A primary residence is a place to live. Period. There is a financial element, but anyone who treats it as an aggressive investment runs the risk of having his head handed to him.

If you want to buy a property that generates a regular return on investment, buy an investment property.

I've told buyers this in good, bad and sideways markets. It is always true, it's a simple statement that is easy for anyone to understand, and it helps an agent like me immediately identify flippers and separate them from those needing a place to live.

Nothing wrong with flipping...it just gets proved time and time again that it's best not to try to turn your potential flip into home sweet home. Something usually goes awry.

Let the market continue to crater. Keep posting your paranoid drivel. You're killing my competition, and I don't even have to lift a finger. Thanks for your help!

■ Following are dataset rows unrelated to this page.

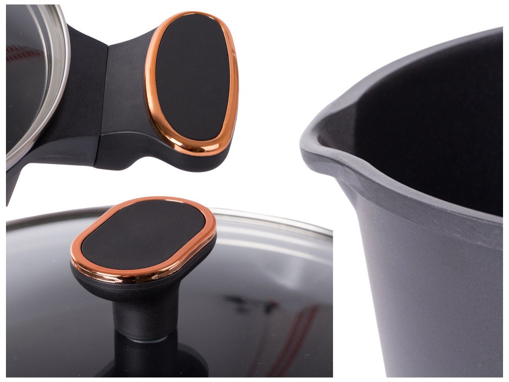 Hluboký hrnec s poklicí je praktický a elegantní pomocník pro každodenní vaření, dušení i smažení. Je vyroben z kvalitního litého hliníku s nepřilnavým povrchem, který zajišťuje rovnoměrný rozvod tepla a zároveň minimalizuje připalování jídla. Díky ergonomickému provedení a univerzálnímu použití se stane nepostradatelnou součástí vaší kuchyně.
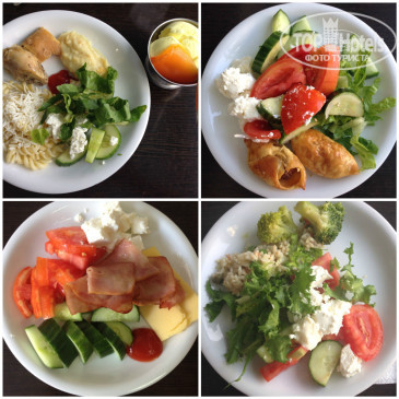 Еда: Еда была вкусная, но без излишков и изысков ее не очень много, но выбрать можно было. Из мяса были: курица, говядина, свинина, печень, тефтельки, шницели, котлетки в кляре. На гарнир были: рис, макароны, картофель (каждый день по-разному приготовленные). Были так же овощные салаты, просто овощи, бобы, кукуруза, всякие запеканки, пирожки из слоеного теста с начинкой, греческий салат, сладости, мороженое, хлопья и фрукты. В общем, наедались мы всегда. Из напитков горячий шоколад, чай, соки, газировка и алкоголь местного производства.
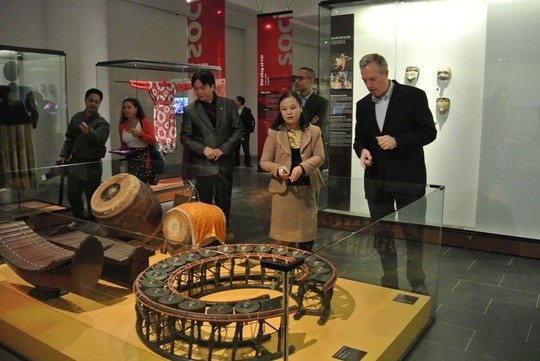 | Cả đoàn tham quan các nhạc cụ trong phần trưng bày về nghệ thuật biểu diễn các nước ASEAN. |
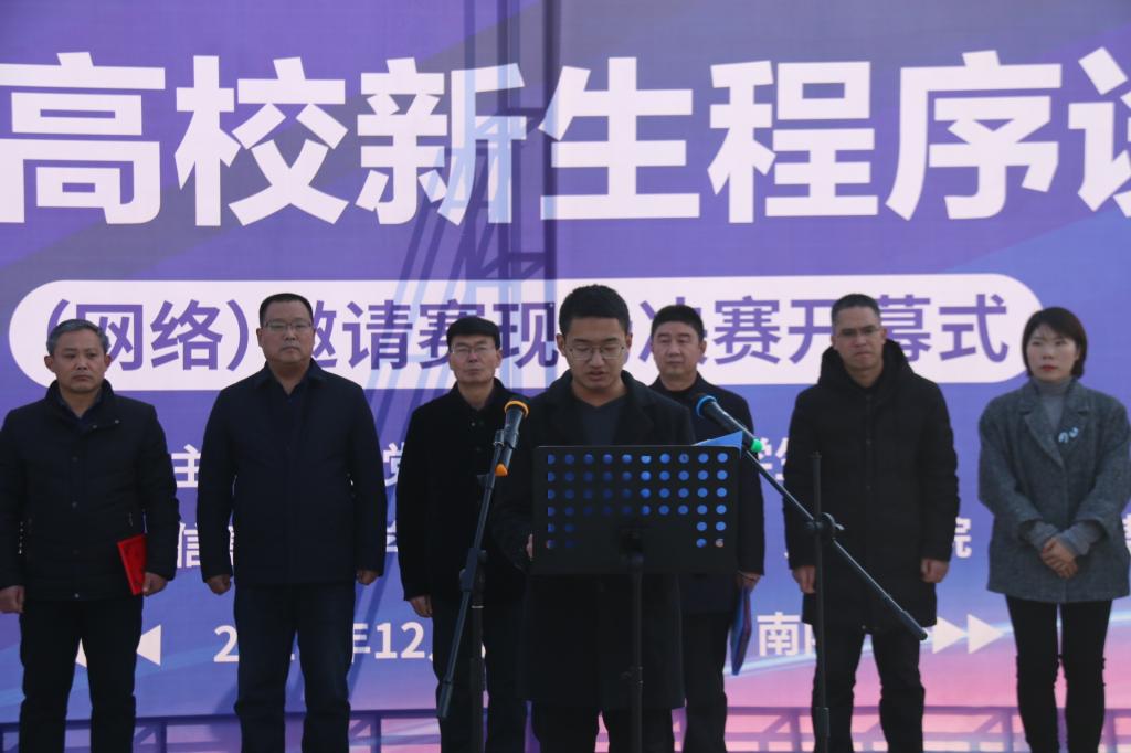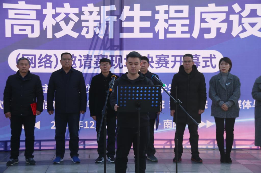 参赛选手代表、计算机与软件学院邵昱原代表全体参赛选手发言,他表示学校为学生们学习编程提供了良好的实操平台,并且培养了科技创新和团队合作能力,同时他也承诺在比赛中必将遵守纪律、遵守规则、团结协作、赛出风格、赛出风采。计算机与软件学院院长刘黎明教授宣布南阳理工学院首届省内高校新生程序设计大赛(网络)邀请赛现场决赛正式开幕。

Anybody here need help with a short sale?

Bradhart said...

The mainstream media coverage of the housing crash is not a contrary indicator of a bottom imho. The Nasdaq bubble reached bottom in 2003(4 years - 2000-2003), the greater stock market bubble ditto. At that time stock prices were still largely unattractive, we could see a repeat. Markets do not always correct below the mean. My guess is the bottom is not in until the 'investors' are cleaned out. Right now we are watching the second wave of 'investors' jumping into the housing fryer, under the impression that housing is 'cheap' because it is down 15-35%. The investors who got CREAMED at the end of the dot.con bubble were the fools who thought tech stocks down 30% were a bargain. They lost everything.

Anonymous said...

"You live in Iowa or Minnesota?

Look it up, you 'tard. California is bottom of the barrel for both crime rate and schools."

Don't burst Frank's bubble. He, like all Caifornians think their shit smells like roses. In reality, as you very well know, California is a massive cesspool or illegals, gangs, crime, taxes. Take away the nice weather and you're nothing but Detroit.